==== Provided records

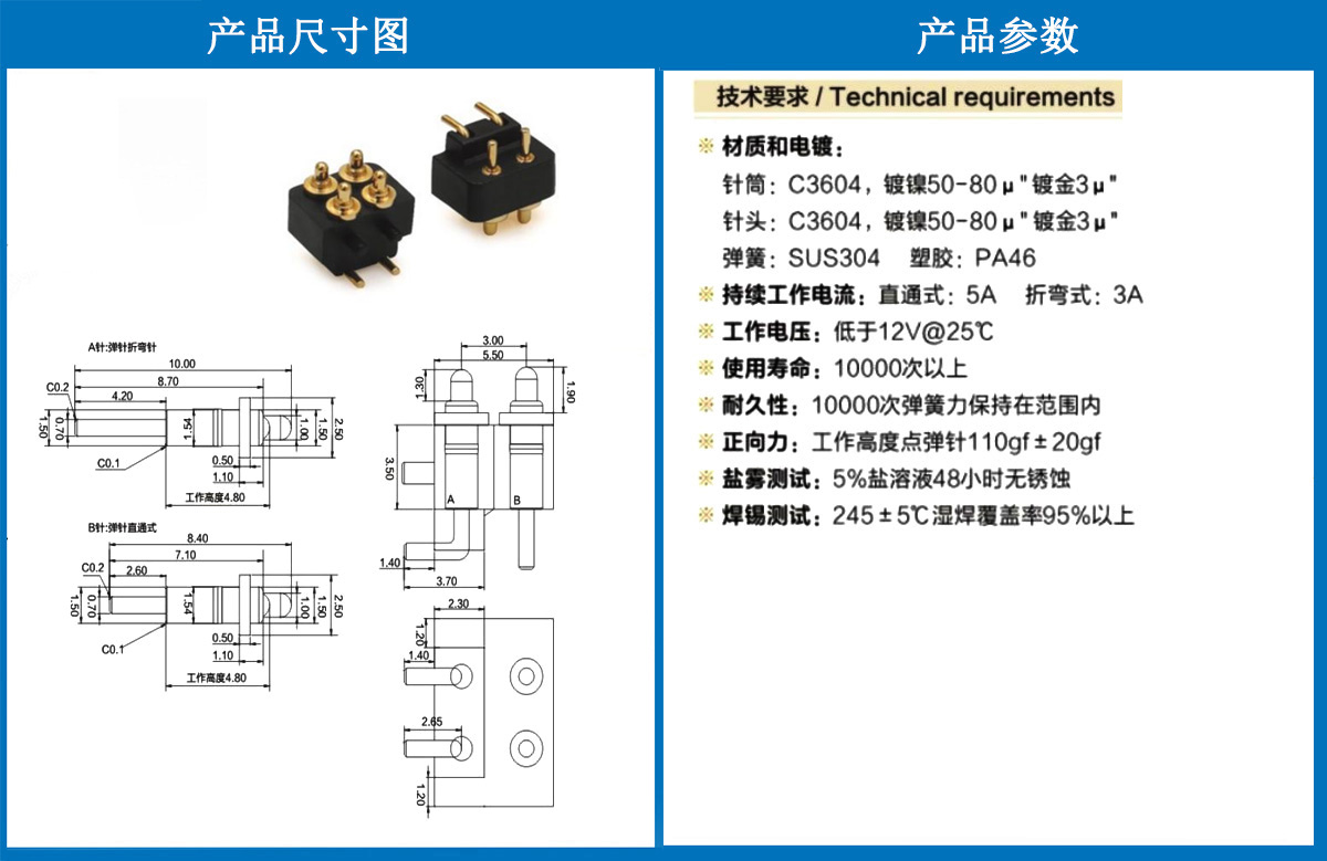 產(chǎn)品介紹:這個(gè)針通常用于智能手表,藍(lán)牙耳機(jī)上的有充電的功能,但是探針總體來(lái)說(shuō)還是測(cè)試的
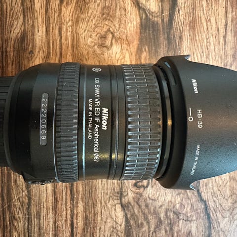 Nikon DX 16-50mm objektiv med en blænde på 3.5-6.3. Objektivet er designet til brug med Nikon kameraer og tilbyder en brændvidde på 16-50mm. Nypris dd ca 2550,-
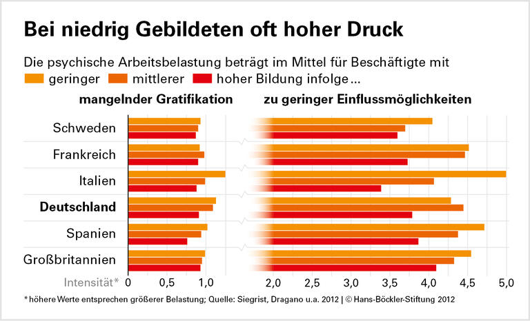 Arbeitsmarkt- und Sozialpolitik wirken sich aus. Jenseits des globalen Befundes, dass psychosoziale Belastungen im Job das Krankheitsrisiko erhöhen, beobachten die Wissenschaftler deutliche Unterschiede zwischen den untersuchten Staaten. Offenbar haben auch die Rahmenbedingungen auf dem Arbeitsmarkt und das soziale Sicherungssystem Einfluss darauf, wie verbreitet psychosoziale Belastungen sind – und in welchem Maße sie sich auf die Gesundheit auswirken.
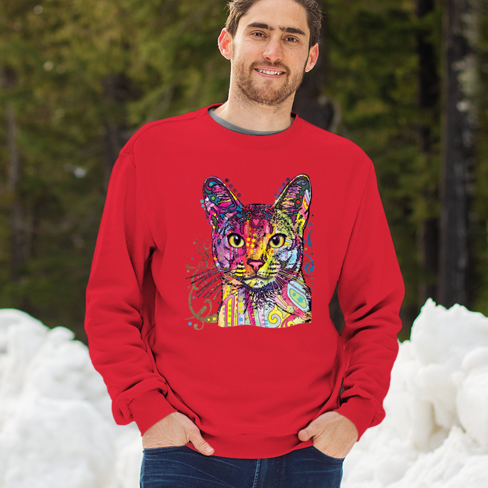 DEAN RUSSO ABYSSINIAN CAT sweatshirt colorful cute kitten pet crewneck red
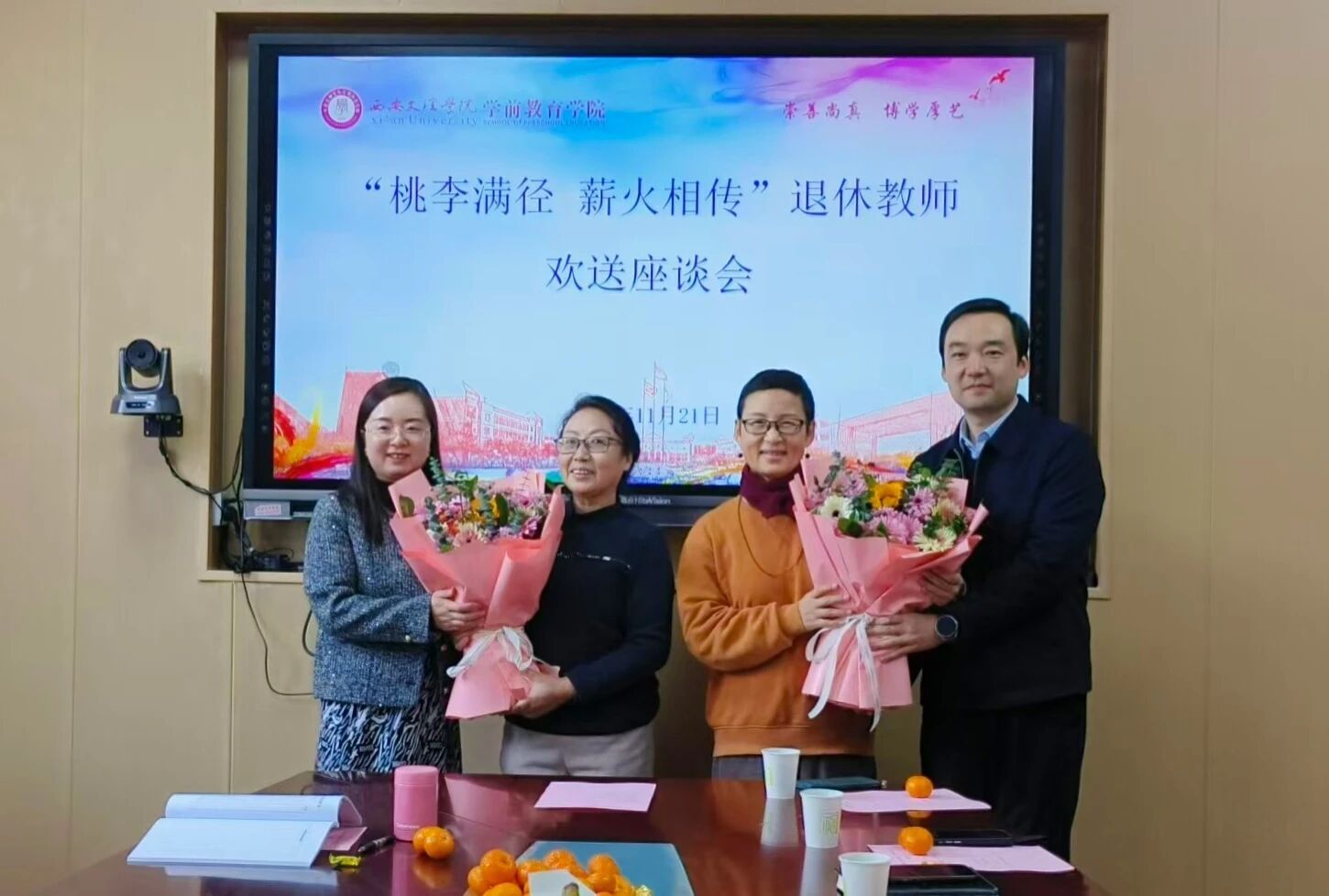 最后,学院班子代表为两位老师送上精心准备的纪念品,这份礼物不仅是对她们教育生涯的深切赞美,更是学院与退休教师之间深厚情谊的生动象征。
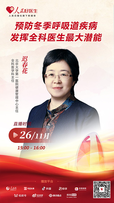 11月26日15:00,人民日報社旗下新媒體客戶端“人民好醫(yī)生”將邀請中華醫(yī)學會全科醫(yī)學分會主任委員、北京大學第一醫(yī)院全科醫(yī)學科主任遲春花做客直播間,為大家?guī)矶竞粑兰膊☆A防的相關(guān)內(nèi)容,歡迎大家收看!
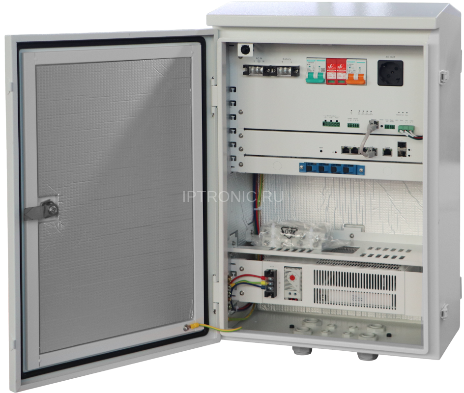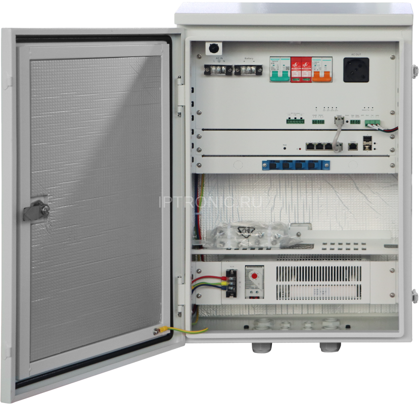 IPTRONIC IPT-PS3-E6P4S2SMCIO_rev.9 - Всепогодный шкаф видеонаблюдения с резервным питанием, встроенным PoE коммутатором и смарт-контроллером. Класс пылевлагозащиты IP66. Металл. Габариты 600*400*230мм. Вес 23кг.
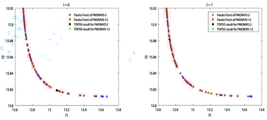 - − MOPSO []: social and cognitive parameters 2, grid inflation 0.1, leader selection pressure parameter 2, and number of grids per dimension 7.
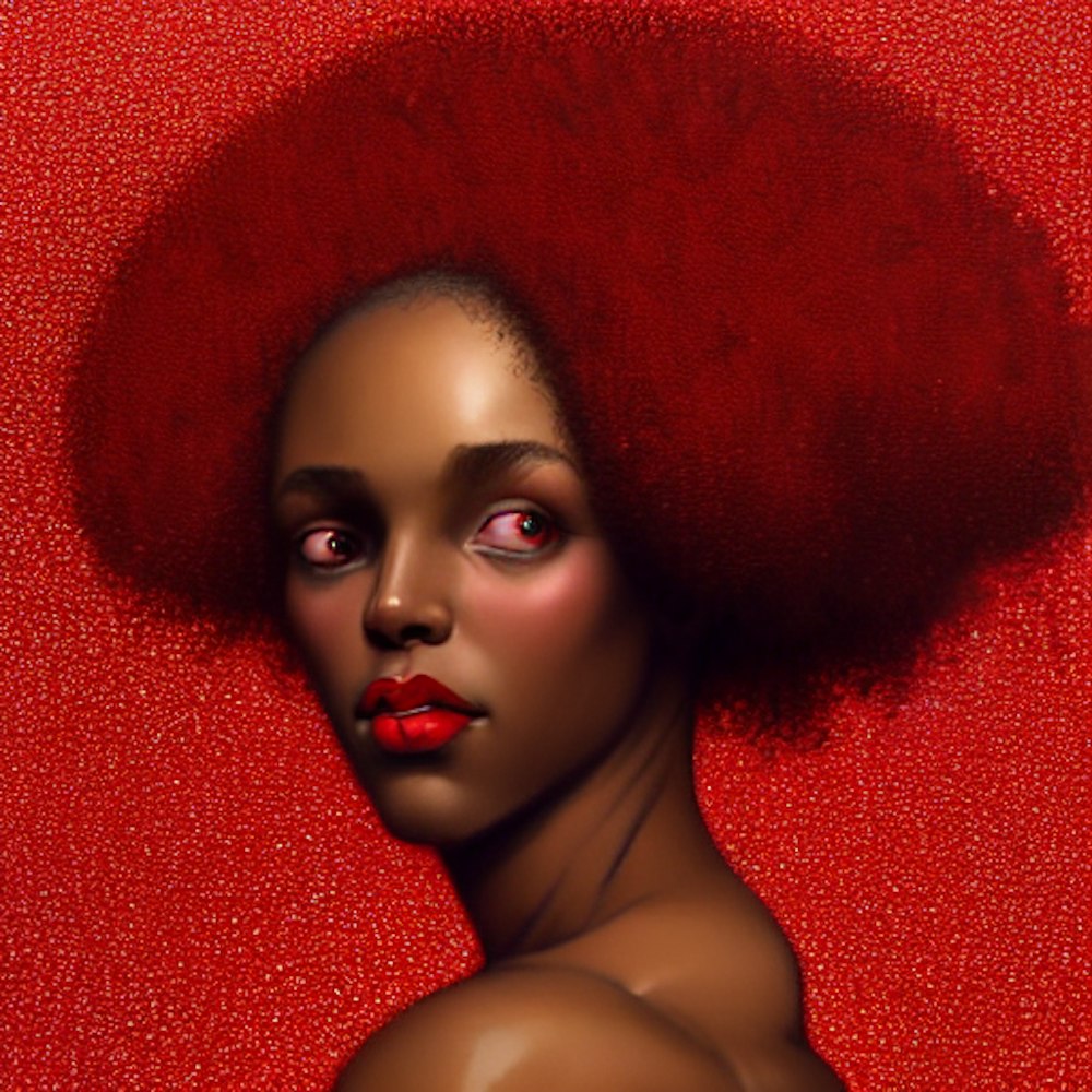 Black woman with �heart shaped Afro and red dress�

========

▶ Task to carry out
Could you copy exactly, and with no pictures, the lines above from the one containing "- − MOPSO []: social" through the last line, both included?

▶ Task response
 - − MOPSO []: social and cognitive parameters 2, grid inflation 0.1, leader selection pressure parameter 2, and number of grids per dimension 7.
 Black woman with �heart shaped Afro and red dress�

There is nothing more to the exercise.